═══ Dataset records ═══

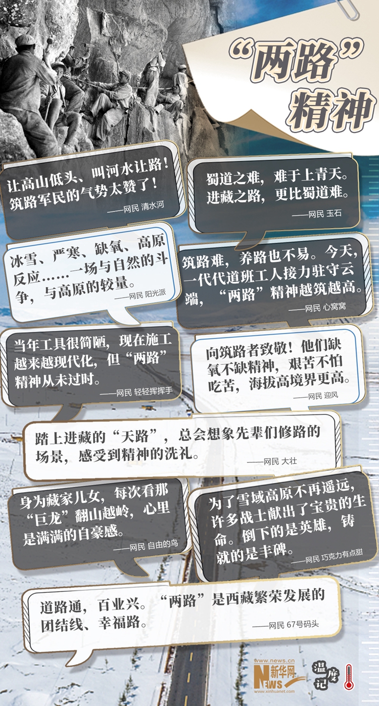 “天路”巍峨,精神閃光。當(dāng)雪域高原換了人間,新一代建設(shè)者正接過接力棒,在新時代續(xù)寫著新的傳奇。“今天,一代代道班工人接力駐守云端,‘兩路’精神越筑越高”,正如網(wǎng)民所說,無論過去、現(xiàn)在和將來,“兩路”精神都是西藏各族人民建設(shè)幸福家園的力量源泉和精神動力,也必將激勵中華兒女為了更加美好的明天繼續(xù)奮斗、前行。(文字:馬若虎 海報設(shè)計:王曄)
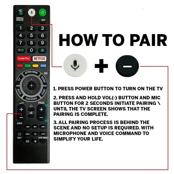HUAYU Sony Voice Common LCD/LED Remote Control RM-L1351 Compatible for Sony Android TV RM-L1351, (Black)
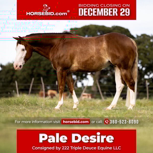 ⚜️ 𝓗𝓮𝓻𝓲𝓽𝓪𝓰𝓮 𝐖𝐢𝐧𝐭𝐞𝐫 𝓒𝓵𝓪𝓼𝓼𝓲𝓬⚜️ Happening now thru MONDAY | DECEMBER 29th - Available EXCLUSIVELY on HorseBid's website! For more details and to register visit: www.Horsebid.com CONSIGNOR CONTACT: 222 Triple Deuce Equine LLC 360-523-8090 LOCATION: Cisco, TX BREED: AQHA & APHA *DUAL REGISTRATION* REGISTERED: Yes REGISTERED NAME: Pale Desire 👑ROYAL CROWN ELIGIBLE👑 COLOR: Sorrel Overo HEIGHT: 14.2 AGE: 4 GENDER: Gelding Pale Desire, aka JoJo, is an eye-catching 4-year-old gelding registered with both AQHA and APHA. He is a son of the NRHA 5 Million Dollar Sire, Pale Face Dunnit, who is sired by the great Colonels Smoking Gun. JoJo’s dam is by Dual N Play, sired by NCHA Open Classic Champion Dual Pep. Jojo is a cool mashup of legendary reining horses, crossed with a proven set of champion cutters! On top of all that, he is ROYAL CROWN ELIGIBLE! 👑 We personally own this gelding and know him from head to hoof. Jojo has excelled in our program and has won over the hearts of all who have met and ridden him. We 100% stand behind Jojo and know you will love him the same way we do. We only sell our best horses, why you may ask? Well because it’s our livelihood and we simply can’t hog them all! JoJo is absolutely one-hand broke and ready to take to the show pen or roping arena. Jojo has been shown in the AQHA ranch riding and ranch rail. He was also Circuit Champion in the All-Breed Ranch Rail. Jojo is also started nicely on the head and heel side and would really stand out in a rope horse futurity program. He is a great hand on the ranch as well. JoJo neck reins great, is very soft in the bridle, and has smooth lead departures. His sweet and curious demeanor allows advanced kids to enjoy him as well! JoJo has proven to be a safe, solid, and sane mount. He is user friendly and packed with ability and talent. At the young age of four, he improves daily and shows more and more promise. It’s hard to come by horses like him that will last you a lifetime. JoJo has X-rays available on file, a fresh negative Coggins test, a clean health certificate, and has had zero exposure to the EHV-1 virus that has appeared in the last 30 days. This gelding is blemish free, has good feet and great conformation. AQHA and APHA papers are in hand. Jojo is slick, shiny, show fit and ready. He truly is just as beautiful as he looks. Jojo will come with a new full set of shoes, his winter blanket and his halter. Please enjoy JoJos current pictures and video. Feel free to call us with any questions that you may have. Shipping is available nationwide, we have insured haulers ready to bring Jojo to your door. Jojo is currently located in Cisco TX. Brayden 307-630-3578 Anna 360-523-8090
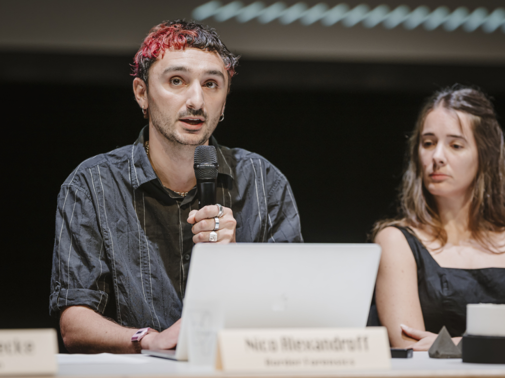 Nico Alexandroff de Border Forensics (à g.) a présenté les détails de l'analyse vidéo à la presse. (© KEYSTONE/GABRIEL MONNET)
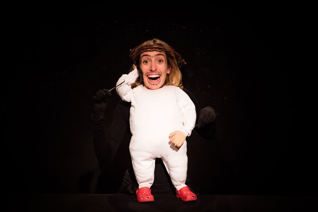 Holy Presents is that special happening: a simple idea, well executed to great effect. Here, each member of the Holy Trinity is a humanette – a human head with a puppet body. The show’s three performers adroitly create a host of detailed and endearing caricatures thanks to larger-than-life facial expression and loving manipulation of their stuffed Babygro bodies and foam hands. The props and set are suitably adorable: a tiny kitchen worktop, toilet, and sofas as well as doll-sized Croc sandals. It’s a high-energy and superbly funny romp throughout which the actors look like they’re having as much fun as their audience.
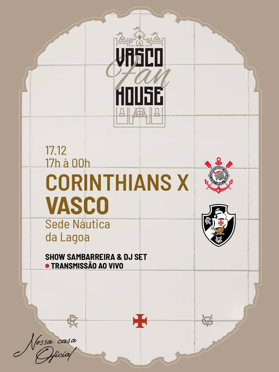 A Vasco Fan House recebe a torcida cruzmaltina para viver a emoção do 1º jogo da Final da Copa do Brasil, no dia 17 de dezembro, na Sede Náutica da Lagoa.
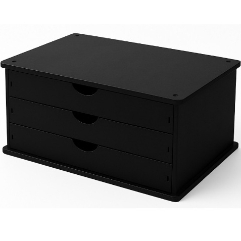 Organizador 3 Gavetas Folha Sulfite A4 e Suporte Base Monitor Gaveteiro para Escritório PRETO

═══

_Exercise goal:_ From the first line to the last, repeat the records exactly. Leave out the pictures.

_Answer space:_
 “天路”巍峨,精神閃光。當(dāng)雪域高原換了人間,新一代建設(shè)者正接過接力棒,在新時代續(xù)寫著新的傳奇。“今天,一代代道班工人接力駐守云端,‘兩路’精神越筑越高”,正如網(wǎng)民所說,無論過去、現(xiàn)在和將來,“兩路”精神都是西藏各族人民建設(shè)幸福家園的力量源泉和精神動力,也必將激勵中華兒女為了更加美好的明天繼續(xù)奮斗、前行。(文字:馬若虎 海報設(shè)計:王曄)
HUAYU Sony Voice Common LCD/LED Remote Control RM-L1351 Compatible for Sony Android TV RM-L1351, (Black)
 ⚜️ 𝓗𝓮𝓻𝓲𝓽𝓪𝓰𝓮 𝐖𝐢𝐧𝐭𝐞𝐫 𝓒𝓵𝓪𝓼𝓼𝓲𝓬⚜️ Happening now thru MONDAY | DECEMBER 29th - Available EXCLUSIVELY on HorseBid's website! For more details and to register visit: www.Horsebid.com CONSIGNOR CONTACT: 222 Triple Deuce Equine LLC 360-523-8090 LOCATION: Cisco, TX BREED: AQHA & APHA *DUAL REGISTRATION* REGISTERED: Yes REGISTERED NAME: Pale Desire 👑ROYAL CROWN ELIGIBLE👑 COLOR: Sorrel Overo HEIGHT: 14.2 AGE: 4 GENDER: Gelding Pale Desire, aka JoJo, is an eye-catching 4-year-old gelding registered with both AQHA and APHA. He is a son of the NRHA 5 Million Dollar Sire, Pale Face Dunnit, who is sired by the great Colonels Smoking Gun. JoJo’s dam is by Dual N Play, sired by NCHA Open Classic Champion Dual Pep. Jojo is a cool mashup of legendary reining horses, crossed with a proven set of champion cutters! On top of all that, he is ROYAL CROWN ELIGIBLE! 👑 We personally own this gelding and know him from head to hoof. Jojo has excelled in our program and has won over the hearts of all who have met and ridden him. We 100% stand behind Jojo and know you will love him the same way we do. We only sell our best horses, why you may ask? Well because it’s our livelihood and we simply can’t hog them all! JoJo is absolutely one-hand broke and ready to take to the show pen or roping arena. Jojo has been shown in the AQHA ranch riding and ranch rail. He was also Circuit Champion in the All-Breed Ranch Rail. Jojo is also started nicely on the head and heel side and would really stand out in a rope horse futurity program. He is a great hand on the ranch as well. JoJo neck reins great, is very soft in the bridle, and has smooth lead departures. His sweet and curious demeanor allows advanced kids to enjoy him as well! JoJo has proven to be a safe, solid, and sane mount. He is user friendly and packed with ability and talent. At the young age of four, he improves daily and shows more and more promise. It’s hard to come by horses like him that will last you a lifetime. JoJo has X-rays available on file, a fresh negative Coggins test, a clean health certificate, and has had zero exposure to the EHV-1 virus that has appeared in the last 30 days. This gelding is blemish free, has good feet and great conformation. AQHA and APHA papers are in hand. Jojo is slick, shiny, show fit and ready. He truly is just as beautiful as he looks. Jojo will come with a new full set of shoes, his winter blanket and his halter. Please enjoy JoJos current pictures and video. Feel free to call us with any questions that you may have. Shipping is available nationwide, we have insured haulers ready to bring Jojo to your door. Jojo is currently located in Cisco TX. Brayden 307-630-3578 Anna 360-523-8090
 Nico Alexandroff de Border Forensics (à g.) a présenté les détails de l'analyse vidéo à la presse. (© KEYSTONE/GABRIEL MONNET)
 Holy Presents is that special happening: a simple idea, well executed to great effect. Here, each member of the Holy Trinity is a humanette – a human head with a puppet body. The show’s three performers adroitly create a host of detailed and endearing caricatures thanks to larger-than-life facial expression and loving manipulation of their stuffed Babygro bodies and foam hands. The props and set are suitably adorable: a tiny kitchen worktop, toilet, and sofas as well as doll-sized Croc sandals. It’s a high-energy and superbly funny romp throughout which the actors look like they’re having as much fun as their audience.
 A Vasco Fan House recebe a torcida cruzmaltina para viver a emoção do 1º jogo da Final da Copa do Brasil, no dia 17 de dezembro, na Sede Náutica da Lagoa.
 Organizador 3 Gavetas Folha Sulfite A4 e Suporte Base Monitor Gaveteiro para Escritório PRETO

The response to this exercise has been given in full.